Скоро Татьяна свернула направо, к Куйбышевскому заводу, а Гаврила Никонович, увидев, что к Зинаиде подошел Никита, приотстал и опять стал думать: «Ежели опоку спускали в яму и форму делали там, она должна была сохнуть долго. Там холод и сырость от бетона. Нам это не годится. И не дай бог, если какой угол не просохнет — взрывом разнесет весь цех…»

Вечером Татьяна успокоила, сказав, что формовку делали вверху, в прочной опоке на массивной платформе и лишь потом опускали в забетонированную яму.

— Я так и предполагал, дочка, — обрадованно сказал Гаврила Никонович. — А больше ничего не говорили?

— Рассказывали, что перед отливкой в цехе проводили генеральную репетицию.

— Это как же так? Ведь не театр!

— Проделали весь цикл заливки вхолостую. Ковши подводили к пустым печам. Как бы наполняли их расплавленной сталью, засекая время. Потом подвозили к формам и производили заливку. Опять засекали время. Так делали несколько раз, пока не достигли слаженности и четкости.

— Вон как! — воскликнул Гаврила Никонович. — Ловко!

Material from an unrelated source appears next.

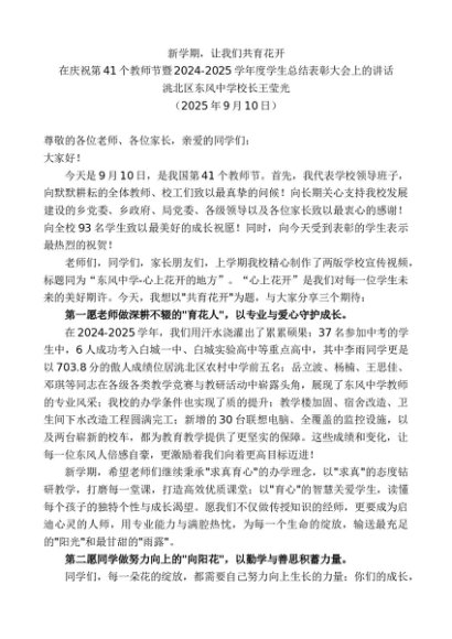 / 领导讲话:20250915在庆祝第41个教师节暨2024-2025学年度学生总结表彰大会上的讲话:新学期,让我们共育花开

А когда же они это делали?

— Ночью, когда в цеху никого не было.

— Смотри, как придумали, а! Пожалуй, и мы этак же сделаем. Спасибо тебе, дочка!..


Когда модельщики привезли в мартеновский огромные, похожие на театральную бутафорию, деревянные, хорошо отшлифованные части будущего шабота, Гаврила Никонович приказал плотникам готовить прочный настил под опоку из толстых брусьев. Настил клали на швеллерные балки и крепили толстыми болтами и скобами. Опоку тоже делали прочной.

Формовку производили самые опытные формовщики из хорошо подготовленной земли. Когда форма, закрепленная в опоке, просохла, опоку на массивном настиле (платформе) опустили на дно бетонной ямы. Клейменов сам проверил уровнем, хорошо ли легла опока, и приказал все пространство между стенками ямы и опокой засыпать сухим песком.

После этого он пришел к начальнику мартеновского цеха Утехину и тяжело уселся в деревянное кресло.

— Ну, Гаврила Никонович, вроде ты готов приступить к заливке? — спросил, приподняв над нарядами ершистую голову, приземистый Утехин.

— Пока не готов. Вначале надо провести репетицию.

Утехин сам когда-то был сталеваром, потом мастером. Заочно кончил институт и хорошо знал дело. Требование Клейменова было для него большой неожиданностью.

«Чудит Никонович», — подумал он, посматривая на мастера маленькими глазками, ероша и так стоящие торчком густые волосы.

— Надо, говорю, провести репетицию, — повторил свое требование Клейменов.

— Чай, мартеновский не театр, Гаврила Никонович. Зачем тебе репетиция?

— Мы же не блоки цилиндров отливать будем, а стопятидесятитонный шабот. Эта махина в твоем кабинете не уместится.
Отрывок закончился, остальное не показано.